Although Android is often referred to as an open source mobile platform, the development approach is far from open. Google develops Android behind closed doors and makes the source code available when and, as it now appears, if Google feels it is appropriate.

Not surprisingly, some open source developers are taking an exception to the Honeycomb news, including Linux developer Adam Drews:

In hindsight Android was a bit of a bait and switch with a dash of divide and conquer. Most of the open source folks are fine with Android being closed up so long as it is opened up later and that means that we lose a large portion of the potential community to Android. This has translated to lower participation in projects likeMeeGo and little demand on manufacturers to provide devices that we can easily install other operating systems on.
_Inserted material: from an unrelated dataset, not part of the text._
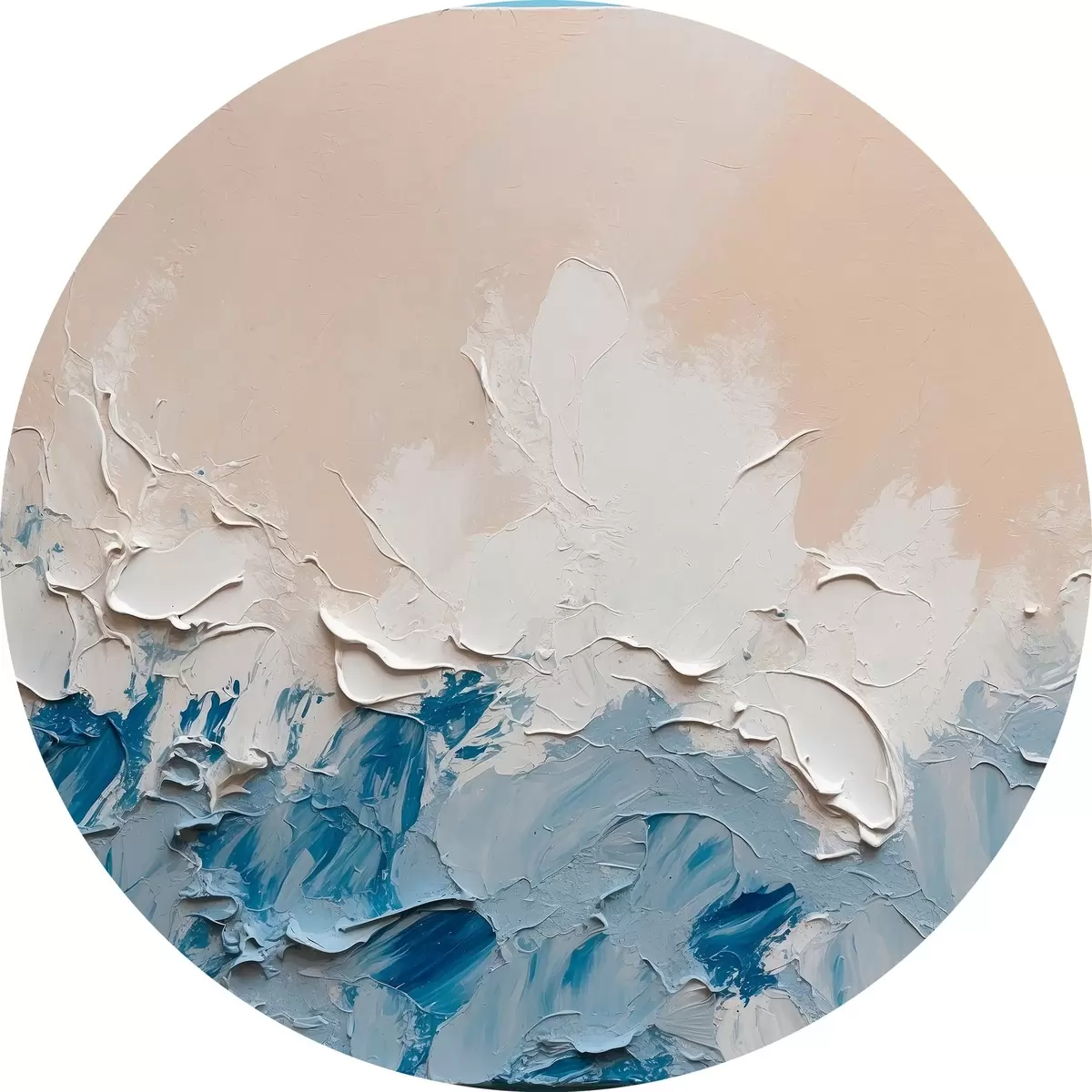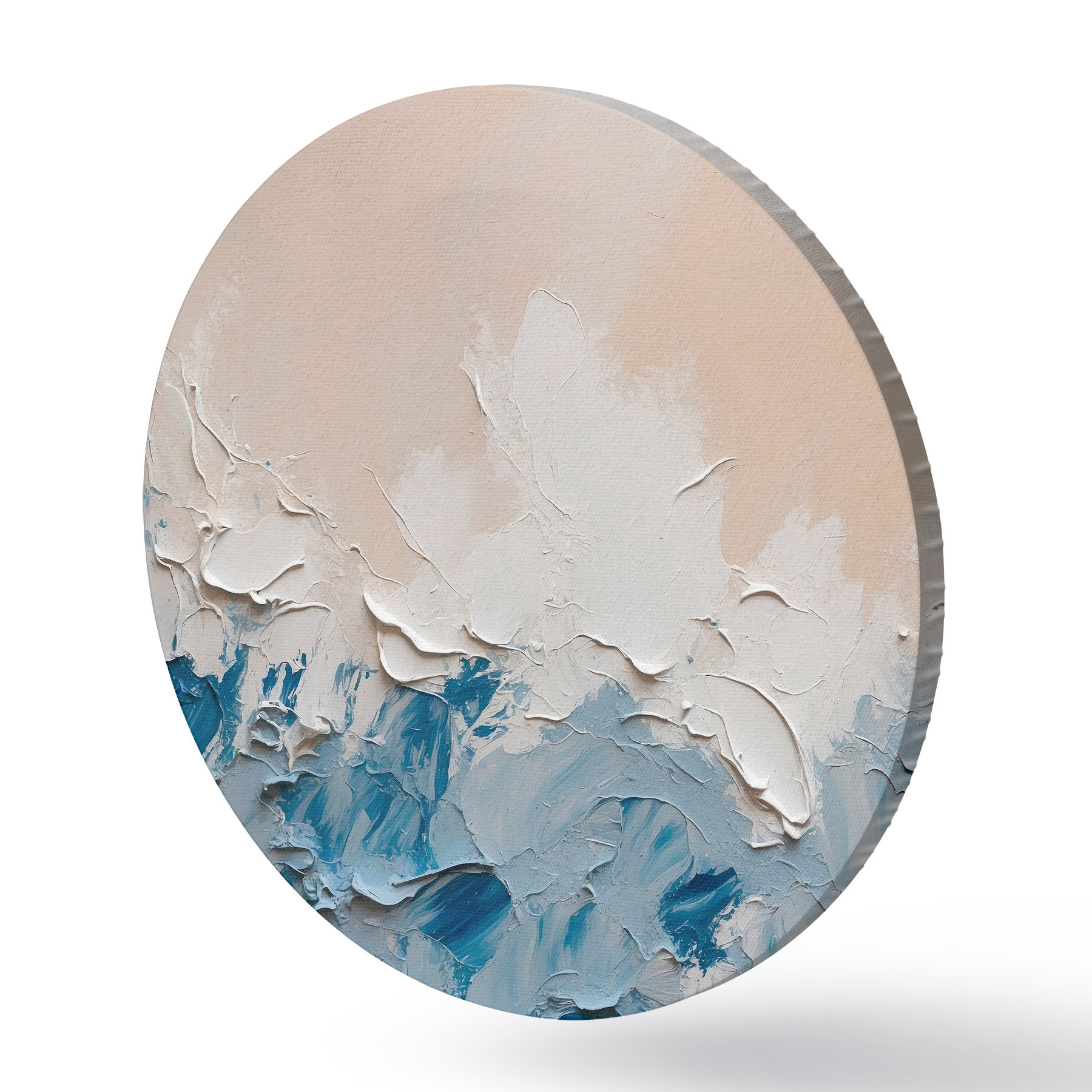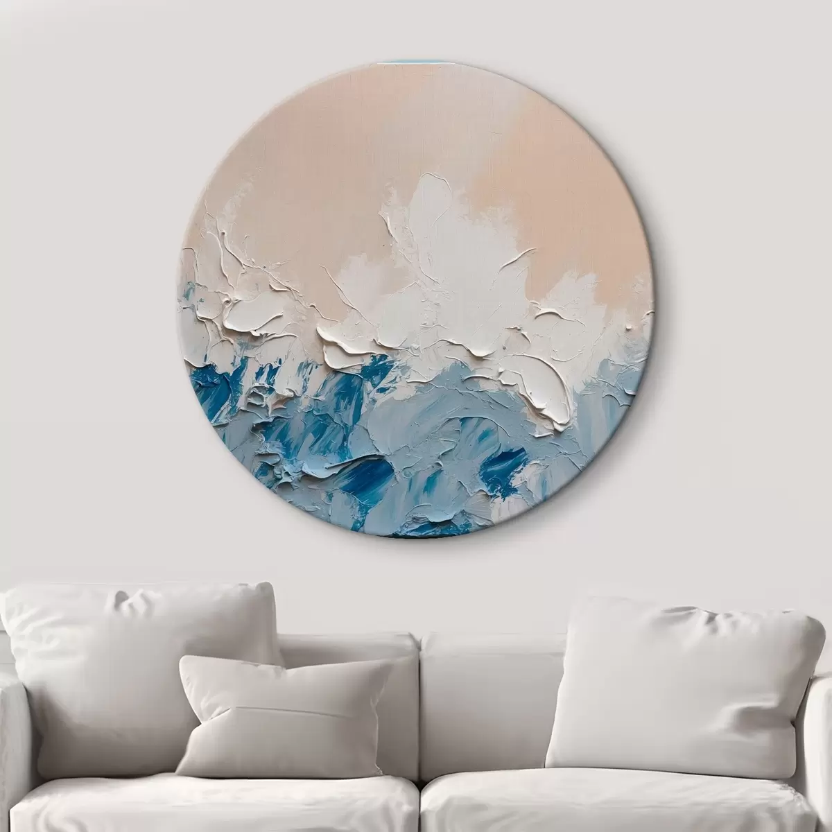 Tableaux ronds Abstraction avec des couleurs à l'huile blanches, bleues et bleues r41027

If Android were fully closed we’d have a large base of support waiting to come over to freer pastures but with Android existing in this quasi-open state enough of the open source crowd will stick with it to make it hard for critical mass to grow behind projects like MeeGo.

The relative importance of openness
RedMonk’s Stephen O’Grady tackles the question of whether it matters if Android is open or not:

But while developers are unquestionably and understandably disappointed, there is little evidence to suggest that a less than open Android will have a material cost in developer traction associated with it. Apple’s iOS, a platform that is not open source, has immense developer traction with more than 350,000 applications available at the moment.

Based on market share of mobile devices shipped or number of applications for a particular mobile platform, it’s abundantly clear that mobile operating system success has little to do with openness. In fact, O’Grady concludes that while Google may have felt that openness would turn out to be a differentiator in the market, that hypothesis simply hasn’t been proven out.

If openness isn’t driving Android’s growth, then what is? Benchmark Capital general partner Bill Gurley’s great post titled “The freight train that is Android” provides some clues.

 

Gurley argues that Google is attempting to “take any layer that lives between themselves and the consumer and make it free (or even less than free).” This is incredibly important to handset vendors and carriers who have an incentive to use and promote Android over alternatives. The fact that Google shares mobile search revenue with its handset partners makes Android not just free, but a profit center, which is hard for a vendor to ignore regardless of the openness of the platform itself.

As mobile handset alliance members, these vendors have access to Android source code well ahead of third-party developers. As such, the openness of Android is a distant secondary issue, if at all. These vendors are concerned, however, with developers building applications for the platform and end-user adoption.

Application developers may care about Android’s openness, but establishing and maintaining a large user base and the ease with which the platform enables developers to deliver applications, and pay for directly or indirectly, are much larger concerns. Android’s ever growing vendor support and Google’s investments to close the feature/function gap to Apple iOS are the key to developer success on the platform, making openness an afterthought.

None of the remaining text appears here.